Start of Block
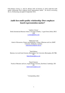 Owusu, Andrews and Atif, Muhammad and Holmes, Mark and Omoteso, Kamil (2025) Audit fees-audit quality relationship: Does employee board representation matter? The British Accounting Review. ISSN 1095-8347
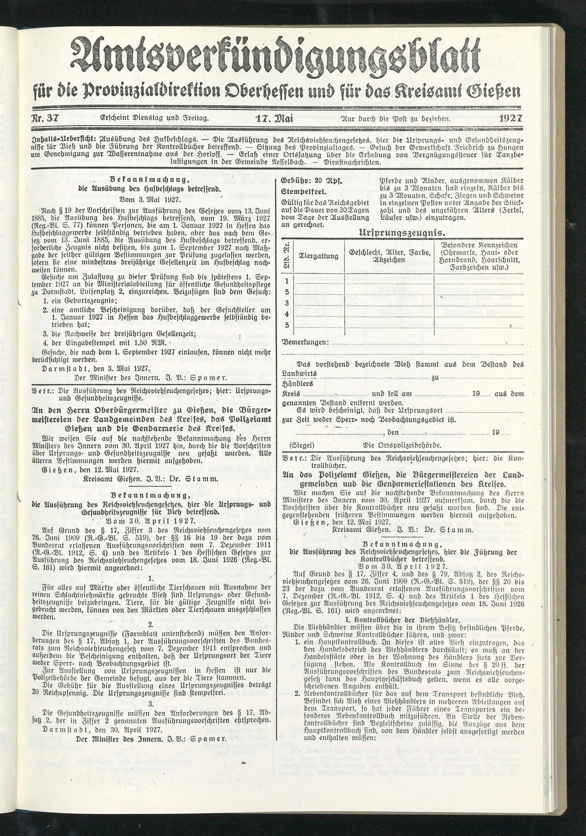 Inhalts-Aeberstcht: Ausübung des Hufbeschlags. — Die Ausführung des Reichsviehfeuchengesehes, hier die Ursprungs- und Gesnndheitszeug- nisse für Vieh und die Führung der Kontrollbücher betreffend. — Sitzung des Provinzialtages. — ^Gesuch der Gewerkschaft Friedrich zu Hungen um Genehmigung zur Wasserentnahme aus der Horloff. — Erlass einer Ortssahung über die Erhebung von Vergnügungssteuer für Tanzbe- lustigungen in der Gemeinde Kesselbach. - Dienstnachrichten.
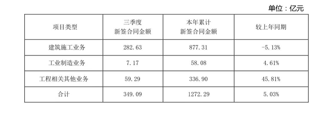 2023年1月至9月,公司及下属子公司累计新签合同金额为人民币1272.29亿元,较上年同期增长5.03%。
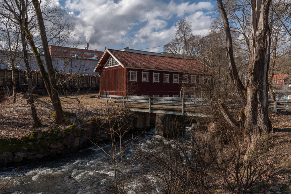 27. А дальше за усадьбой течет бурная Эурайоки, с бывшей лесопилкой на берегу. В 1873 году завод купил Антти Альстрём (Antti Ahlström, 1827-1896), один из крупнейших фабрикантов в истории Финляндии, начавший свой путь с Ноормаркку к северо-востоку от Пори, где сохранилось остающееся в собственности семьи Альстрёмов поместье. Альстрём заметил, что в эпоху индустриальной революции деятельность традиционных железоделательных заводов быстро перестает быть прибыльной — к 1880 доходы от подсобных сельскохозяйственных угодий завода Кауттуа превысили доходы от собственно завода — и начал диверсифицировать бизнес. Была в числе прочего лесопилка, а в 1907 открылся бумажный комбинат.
End of Block
Start of Block
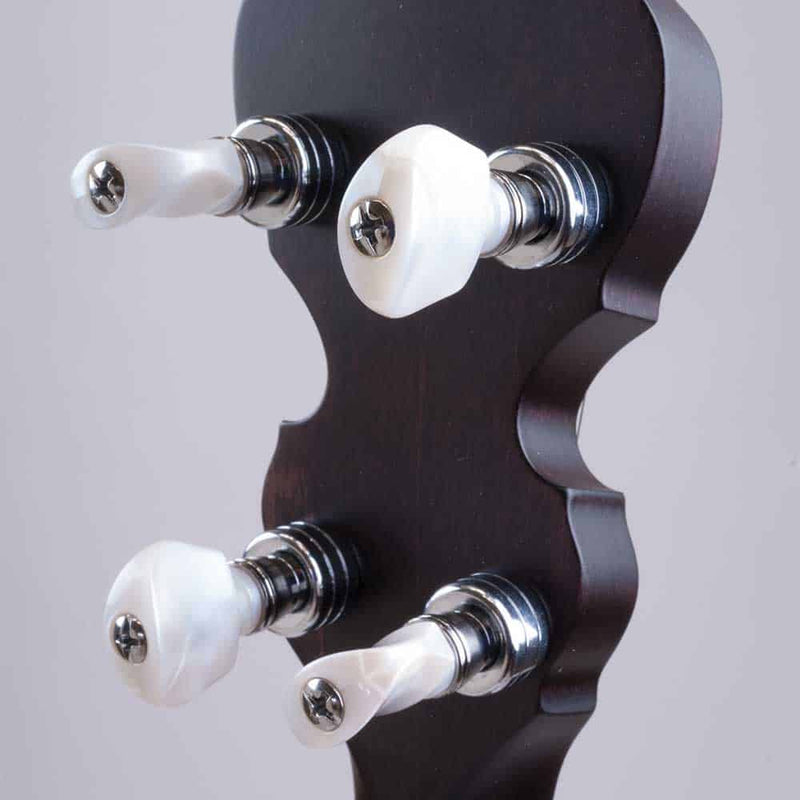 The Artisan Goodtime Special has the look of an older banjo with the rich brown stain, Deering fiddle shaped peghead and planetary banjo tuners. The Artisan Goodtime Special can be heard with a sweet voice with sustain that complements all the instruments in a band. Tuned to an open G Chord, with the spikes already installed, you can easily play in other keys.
End of Block
Start of Block
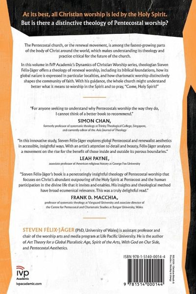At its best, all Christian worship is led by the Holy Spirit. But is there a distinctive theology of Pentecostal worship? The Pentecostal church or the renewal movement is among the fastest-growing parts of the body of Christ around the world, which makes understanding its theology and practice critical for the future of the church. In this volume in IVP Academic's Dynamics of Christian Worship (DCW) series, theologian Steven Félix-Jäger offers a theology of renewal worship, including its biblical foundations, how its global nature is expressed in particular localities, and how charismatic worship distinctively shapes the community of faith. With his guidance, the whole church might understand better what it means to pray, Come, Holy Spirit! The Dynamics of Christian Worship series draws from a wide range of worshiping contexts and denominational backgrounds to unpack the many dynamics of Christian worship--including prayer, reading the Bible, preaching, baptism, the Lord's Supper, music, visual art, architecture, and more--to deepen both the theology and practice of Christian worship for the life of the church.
End of Block
TASK DIRECTIONS: Look above for the line with "Owusu, Andrews and", then give again exactly every line from there through the line with "2023年1月至9月,公司及", skipping the pictures.

RESPONSE TO THIS TASK:
 Owusu, Andrews and Atif, Muhammad and Holmes, Mark and Omoteso, Kamil (2025) Audit fees-audit quality relationship: Does employee board representation matter? The British Accounting Review. ISSN 1095-8347
 Inhalts-Aeberstcht: Ausübung des Hufbeschlags. — Die Ausführung des Reichsviehfeuchengesehes, hier die Ursprungs- und Gesnndheitszeug- nisse für Vieh und die Führung der Kontrollbücher betreffend. — Sitzung des Provinzialtages. — ^Gesuch der Gewerkschaft Friedrich zu Hungen um Genehmigung zur Wasserentnahme aus der Horloff. — Erlass einer Ortssahung über die Erhebung von Vergnügungssteuer für Tanzbe- lustigungen in der Gemeinde Kesselbach. - Dienstnachrichten.
 2023年1月至9月,公司及下属子公司累计新签合同金额为人民币1272.29亿元,较上年同期增长5.03%。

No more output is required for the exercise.